Apprentice in Death (In Death #43)(31)



“Sex is always a good one.”

“Nothing to indicate he had any serious partners there. All that holds, as far as we know, for Wyman. So, we keep looking.”

“Yeah, I’m hitting the same, on Wyman. Just no gain to killing her. Nobody disliked her, knew of anyone who did, or hit on her hard enough to have a thing.”

“Well, somebody had something on her or Michaelson.”

Once again Eve went to the door to answer the knock, and let in Lowenbaum.

He walked in, black coat wet with sleet, pulled off his ski cap.

“I meant it about the horses.” Contemplatively chewing his gum, he scanned the room. He carted in a large, locked case. “The guy at the desk went white as a sheet when he saw this.” Setting the case on one of the beds, Lowenbaum tapped it. “After I badged him, he told me the man who was in this room had one just like it.”

Fucking bingo, Eve thought again. “I don’t know the horses, but maybe I’ll lay some on tonight’s Knicks game.”

“Your man bought the Celtics, didn’t he?”

“Yeah.”

“Chill.” Still scanning, Lowenbaum unlocked the case. “Decent room, decent place. He could’ve gotten a flop a lot cheaper, done the job. Longer odds us nailing that location.”

“He wasn’t alone.”

Now Lowenbaum looked up. “Is that so?”

“Younger—undetermined gender. Desk guy thought teenager, but we can’t narrow it there yet.”

“Changes things.”

Eve stepped closer as Lowenbaum opened the case and began, with quick, practiced efficiency, to assemble the weapon.

“How much would that weigh? Case included.”

“A solid fifteen, with the extra batteries.” He took out the bipod, tapped a button, telescoped it out.

“First window right of the bed,” Eve told him. “The housekeeper saw the depressions left in the carpet from the bipod, and from a chair.”

“You’re shitting me now.”

“Truth. They’re observant here at Manhattan East. And the window opens, about five inches from the bottom.”

“Handy.” After setting the bipod in front of the window, Lowenbaum retrieved the rifle, secured it. “Thanks,” he said when Peabody brought over a chair.

He sat, looked through the scope, made some adjustments, walked the chair over a half inch. “Pick ’em off like flies,” he murmured.

“You could make the strikes from here?”

“Yeah, I could. I’ve got another two on my squad I’d count on to make it, and another three who’d at least wing the targets from here.”

“Moving targets,” Eve reminded him.

“I could, the two on my squad could. Moving targets, let’s give the other three a fifty-fifty at this range. Take a look.” He got up from the chair; Eve took his place.

The scope made her field glasses feel like a toy. She studied the empty rink, the barricades, made her own adjustments to widen the field, and watched gawkers taking photos of the rink.

She put a woman with a blue pom-pom cap and scarf in the crosshairs.

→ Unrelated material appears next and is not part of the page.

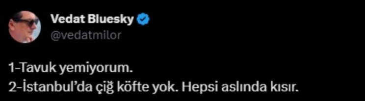 Gastronomi yazarı Vedat Milor, bu kez sosyal medya hesabından yaptığı çiğköfte çıkışı ile gündem oldu. Milor'un paylaşımı yüzlerce yorum aldı.

Powerful, she thought again.

“Makes me feel I could make the strike, but that’s not factoring in wind, temps, and all that other crap. Could the younger guy have been here to do those calculations?”

“You have a weapon like this, and you have the skill, you do your own. It’s almost innate. And it’s . . . you’ve got to say intimate. You and the weapon, I mean. You and the target, that’s not.”

Nodding, Eve rose. “You’d verify this is the location?”

“I would, but why not use the toys we’ve got to lock it down.”

He sat again, took out his PPC. “I can plug in this location—the exact position of the weapon, the exact position of the targets, and do a reverse calculation.”

“You can?”

“I can now because on my way in I had a conversation with Roarke about doing that using this new program. I figured, why the hell not ask the guy who came up with the program—more advanced than we’ve been using—and give it a try?”

“I should’ve thought of that.”

“Then you wouldn’t need me. Give me a sec.”

While she waited, Eve jerked a thumb at the door for Peabody to answer. “If that’s the sweepers, tell them we’ll be ready for them in a minute. Have them hold.”

“Another sec,” Lowenbaum told her. “It’s a lot of tech for me. Your genius was heading into a meeting—maybe he’ll buy the Mets—or I’d tag him again, see if he could do it by remote. But I think I can . . . Okay, okay, there it goes. And we have a ninety-five-point-six probability on this location.”

He handed Eve his PPC so she could see the results.

“That’ll be handy in court when we bag the bastards.” He took the PPC back, put it away. “My work is done here. I’d like to see these assholes. You’re going to shoot me the security feed?”

“No cams in the place.”

“And the lucky streak dies.”

“But I’ve got a solid description, and Yancy’s coming in to do sketches.”

“And rides again. Give me the basics,” he said as he began to disassemble the weapon as efficiently as he’d assembled it.